### Task
Would you please copy the entries exactly, leaving every picture aside?

### Data extracted from a collection
━━━━━━━━

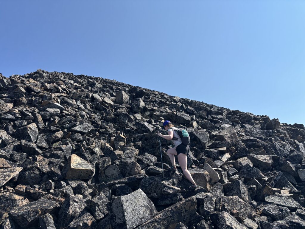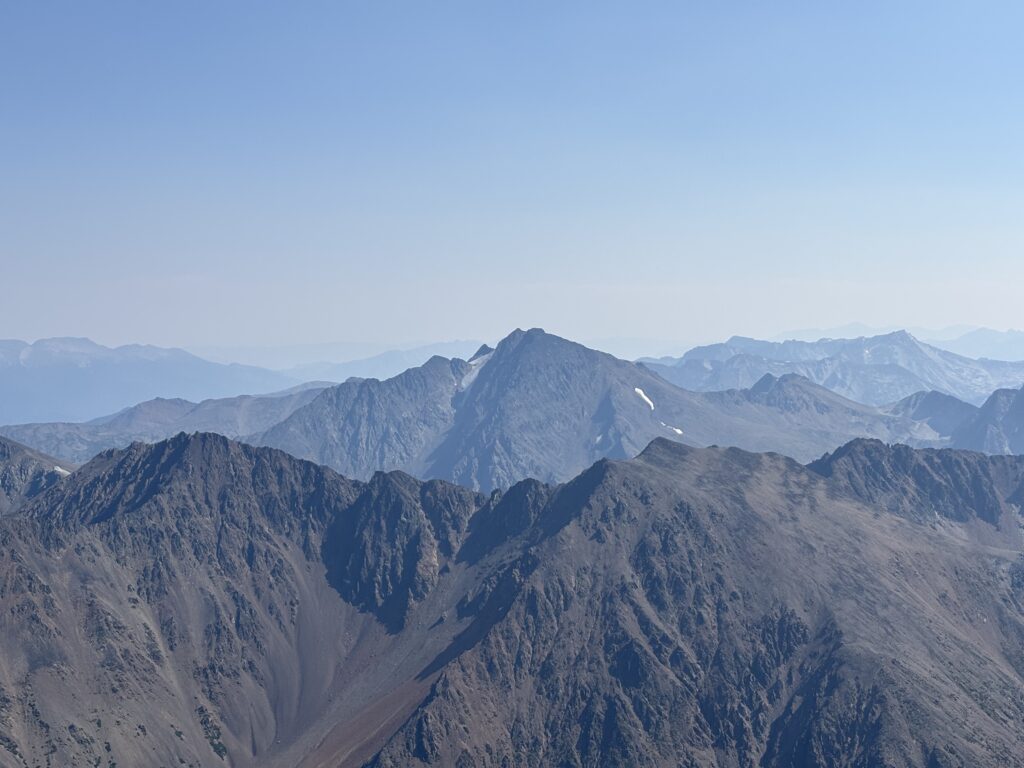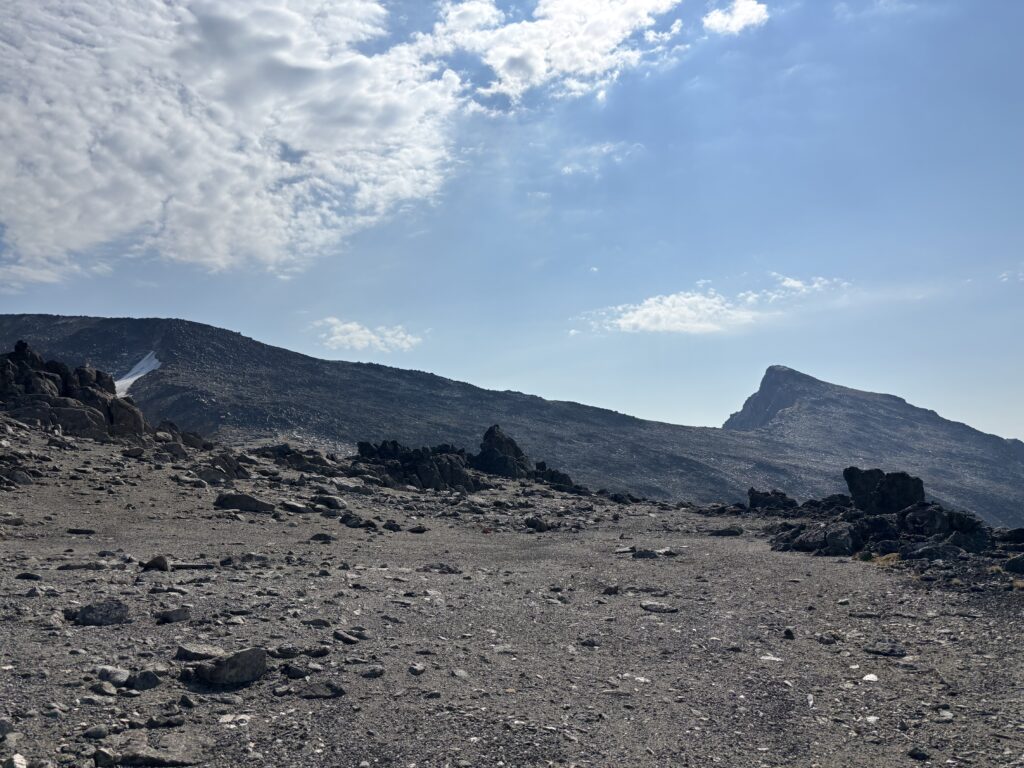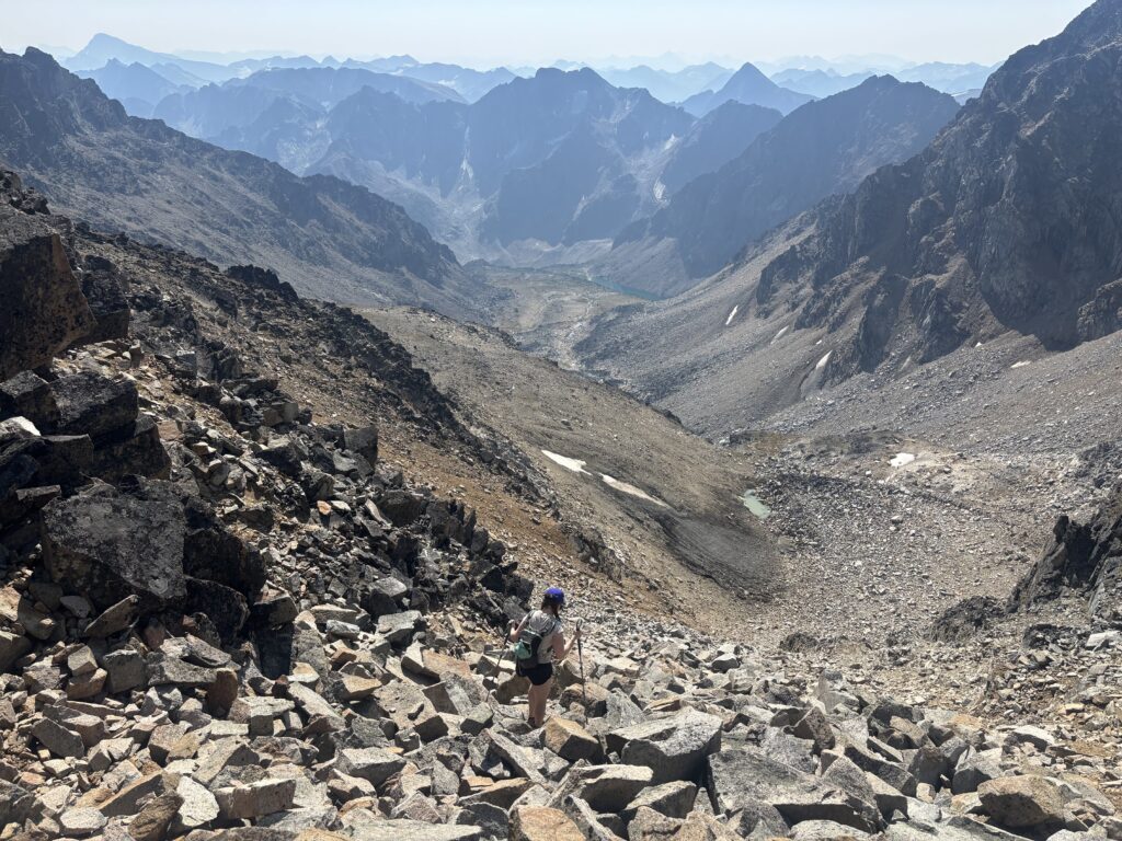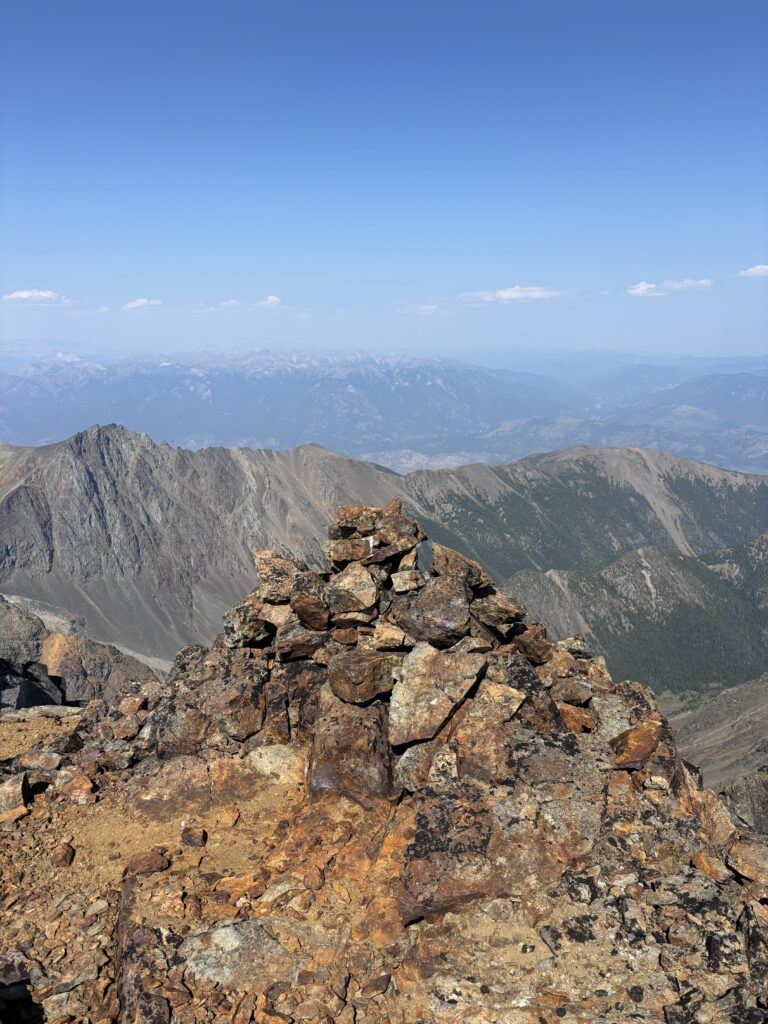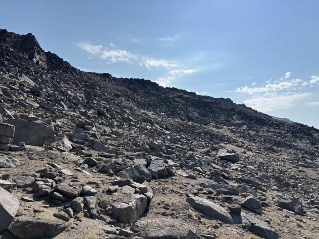 We were finally headed to Truax after a pleasant stop on the summit of Stamp Peak. The first order of business was losing some elevation off of the summit of Stamp. The descent didn’t exceed 2nd class and we sound found ourselves back on the ascent, trudging up scree. Once we we over this first hump, we had beautiful open rolling terrain. We climbed up to another high point where massive leaning cairn marked nothing in particular and then dropped down the other side. Here we had to scramble down some 3rd class benches to gain a gully below and that connected us with the tame southwestern aspect of Truax.
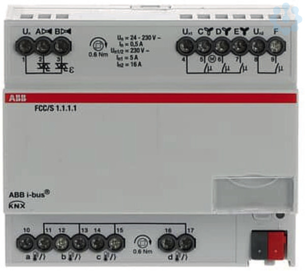 Zur Steuerung von Fan Coil Units bzw. Gebläsekonvektoren. Über zwei elektronische Ausgänge können zwei thermoelektrische Ventilantriebe oder ein motorbetriebener Ventilantrieb zum Heizen oder Kühlen gesteuert werden. Zur Lüftersteuerung besitzt das Gerät drei Relaisausgänge. Ein Relaisausgang schaltet eine zusätzliche Last von bis zu 16 A, wie z. B. eine elektrische Zusatzheizung. Über 4 Eingänge kann der Raumstatus erfasst und überwacht werden (nutzbar für Fensterkontakt, Taupunktsensor, Füllstandssensor oder Temperatursensor). Außerdem ist es möglich, ein analoges Raumbediengerät (SAR/A oder SAF/A) mit den Eingängen des Gerätes zu verbinden. Zur Regelung der Raumtemperatur verfügt das Gerät über einen integrierten Raumtemperaturregler, welcher direkt zur Steuerung der Ausgänge des Gerätes verwendet werden kann. Für erweiterte Diagnosefunktionen sowie eine verbesserte Inbetriebnahme kann das ABB i-bus Tool genutzt werden.
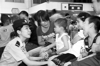 在构建和谐警民关系中,她积极主动为进出火车站的旅客群众办好事、解难事,先后收到锦旗6面。日前,在福建省第二届全省“优秀女警官、优秀女检察官、优秀女法官和优秀女律师”表彰大会上,吴小清被授予“优秀女警官”、“巾帼建功标兵”荣誉称号。图为吴小清热情为民排忧解难的场景。 甘洋和 钟杨清 摄
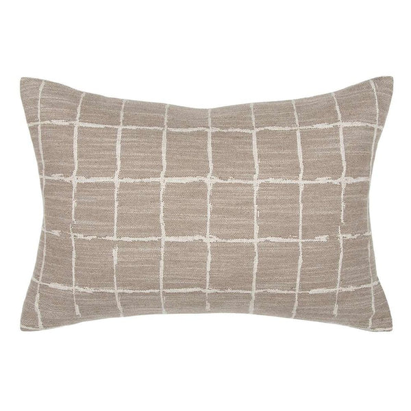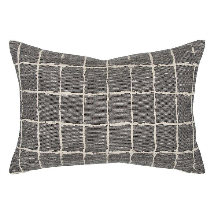 In a warm take on monochrome, classic country style is reinterpreted with a refined and elegant aesthetic. Featuring a ragged grid design in finely woven reverse fabric, the Johnson cushion’s lumbar shape in an ecru and black palette creates a composed and considered space for living. Style with sister cushion Harrison-Black, and Flaxmill-Doeskin and Adler-Dark Chocolate cushions.
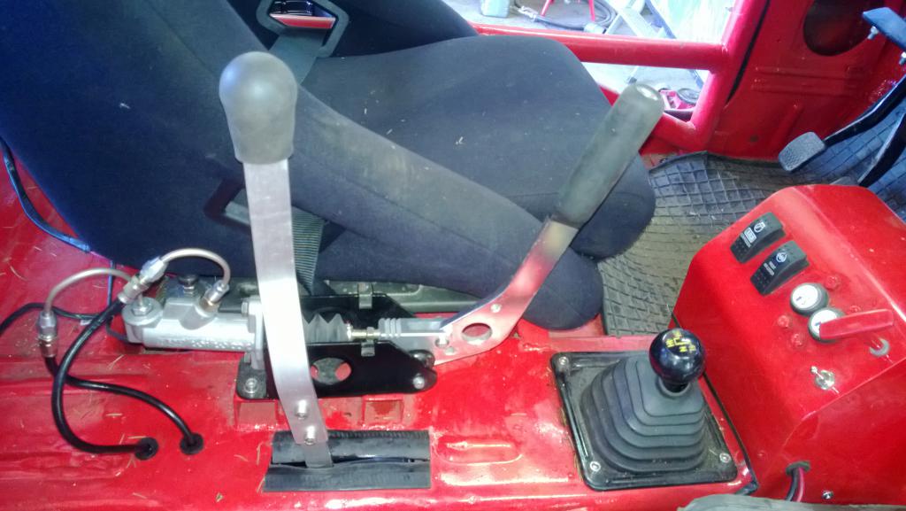 Nyt kun on jonkin verran tullut ajeltua, niin aina keksii parannettavia asioita:) Nelivedon vapauttimen keppi oli vähän huonossa paikassa, kun sen sai aina penkkien välistä kaivaa ja etsiä. Mä tein siihen tuollaisen jatkovarren:cool:
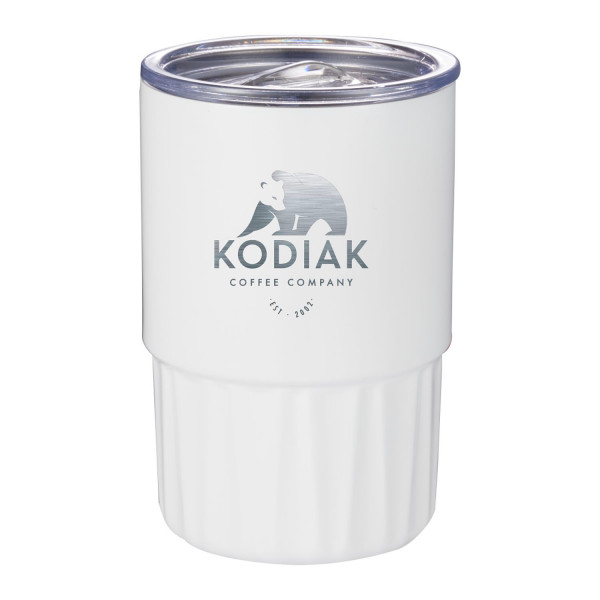 An elegant glass-like prism effect inside the tumbler, enhanced by the see-through lid with same prismatic design evokes the facets of a flawless diamond. This unique tumbler allows you to enjoy all types of beverages, from liquor to coffee, or even an ice cream sundae! Double-wall vacuum insulation with copper plating ensures that your favorite craft drink, latte or mocktail stays ice cold until the very last sip. The construction also prevents condensation on the outside of the tumbler. On-trend coating. Wide opening for easy filling, cleaning and adding ice. Fits most standard car cup holders. Hand wash only. 16oz.
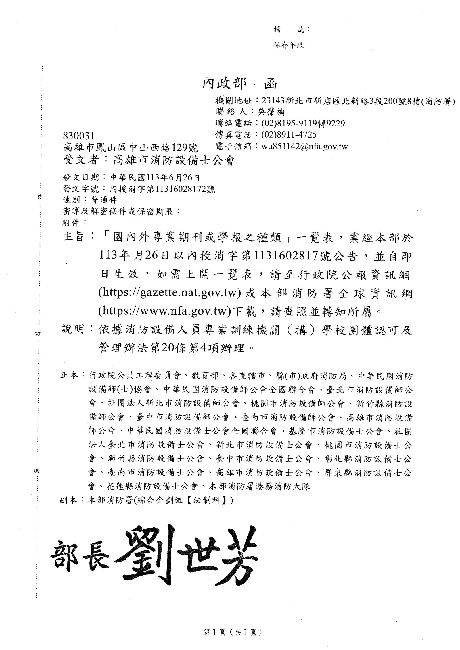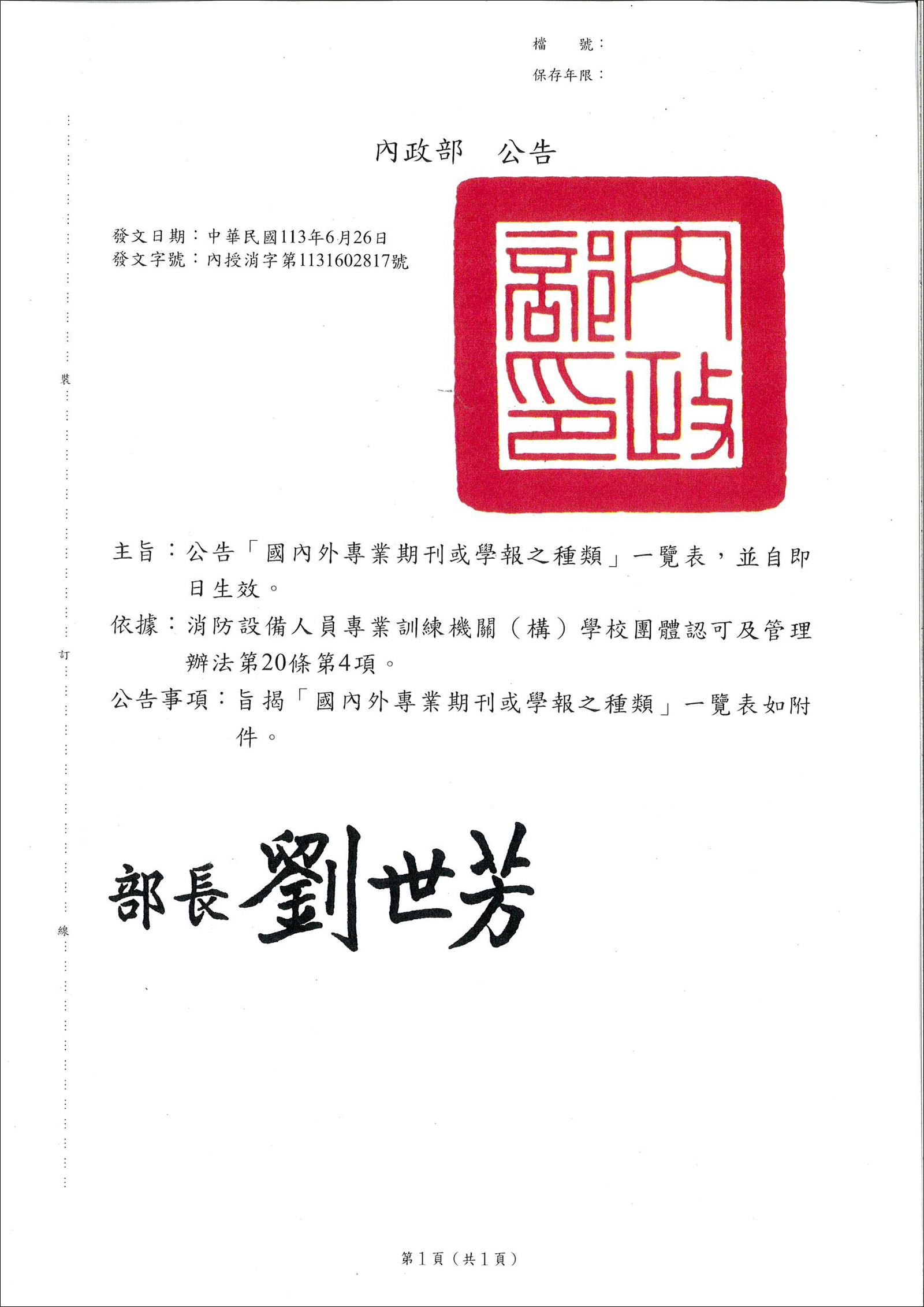 「國內外專業期刊或學報之種類」一覽表,業經內政部於113年6月26日以內受消字第1131602817號公告,並自即日生效。

━━━━━━━━

### Task answer
 We were finally headed to Truax after a pleasant stop on the summit of Stamp Peak. The first order of business was losing some elevation off of the summit of Stamp. The descent didn’t exceed 2nd class and we sound found ourselves back on the ascent, trudging up scree. Once we we over this first hump, we had beautiful open rolling terrain. We climbed up to another high point where massive leaning cairn marked nothing in particular and then dropped down the other side. Here we had to scramble down some 3rd class benches to gain a gully below and that connected us with the tame southwestern aspect of Truax.
 Zur Steuerung von Fan Coil Units bzw. Gebläsekonvektoren. Über zwei elektronische Ausgänge können zwei thermoelektrische Ventilantriebe oder ein motorbetriebener Ventilantrieb zum Heizen oder Kühlen gesteuert werden. Zur Lüftersteuerung besitzt das Gerät drei Relaisausgänge. Ein Relaisausgang schaltet eine zusätzliche Last von bis zu 16 A, wie z. B. eine elektrische Zusatzheizung. Über 4 Eingänge kann der Raumstatus erfasst und überwacht werden (nutzbar für Fensterkontakt, Taupunktsensor, Füllstandssensor oder Temperatursensor). Außerdem ist es möglich, ein analoges Raumbediengerät (SAR/A oder SAF/A) mit den Eingängen des Gerätes zu verbinden. Zur Regelung der Raumtemperatur verfügt das Gerät über einen integrierten Raumtemperaturregler, welcher direkt zur Steuerung der Ausgänge des Gerätes verwendet werden kann. Für erweiterte Diagnosefunktionen sowie eine verbesserte Inbetriebnahme kann das ABB i-bus Tool genutzt werden.
 在构建和谐警民关系中,她积极主动为进出火车站的旅客群众办好事、解难事,先后收到锦旗6面。日前,在福建省第二届全省“优秀女警官、优秀女检察官、优秀女法官和优秀女律师”表彰大会上,吴小清被授予“优秀女警官”、“巾帼建功标兵”荣誉称号。图为吴小清热情为民排忧解难的场景。 甘洋和 钟杨清 摄
 In a warm take on monochrome, classic country style is reinterpreted with a refined and elegant aesthetic. Featuring a ragged grid design in finely woven reverse fabric, the Johnson cushion’s lumbar shape in an ecru and black palette creates a composed and considered space for living. Style with sister cushion Harrison-Black, and Flaxmill-Doeskin and Adler-Dark Chocolate cushions.
 Nyt kun on jonkin verran tullut ajeltua, niin aina keksii parannettavia asioita:) Nelivedon vapauttimen keppi oli vähän huonossa paikassa, kun sen sai aina penkkien välistä kaivaa ja etsiä. Mä tein siihen tuollaisen jatkovarren:cool:
 An elegant glass-like prism effect inside the tumbler, enhanced by the see-through lid with same prismatic design evokes the facets of a flawless diamond. This unique tumbler allows you to enjoy all types of beverages, from liquor to coffee, or even an ice cream sundae! Double-wall vacuum insulation with copper plating ensures that your favorite craft drink, latte or mocktail stays ice cold until the very last sip. The construction also prevents condensation on the outside of the tumbler. On-trend coating. Wide opening for easy filling, cleaning and adding ice. Fits most standard car cup holders. Hand wash only. 16oz.
 「國內外專業期刊或學報之種類」一覽表,業經內政部於113年6月26日以內受消字第1131602817號公告,並自即日生效。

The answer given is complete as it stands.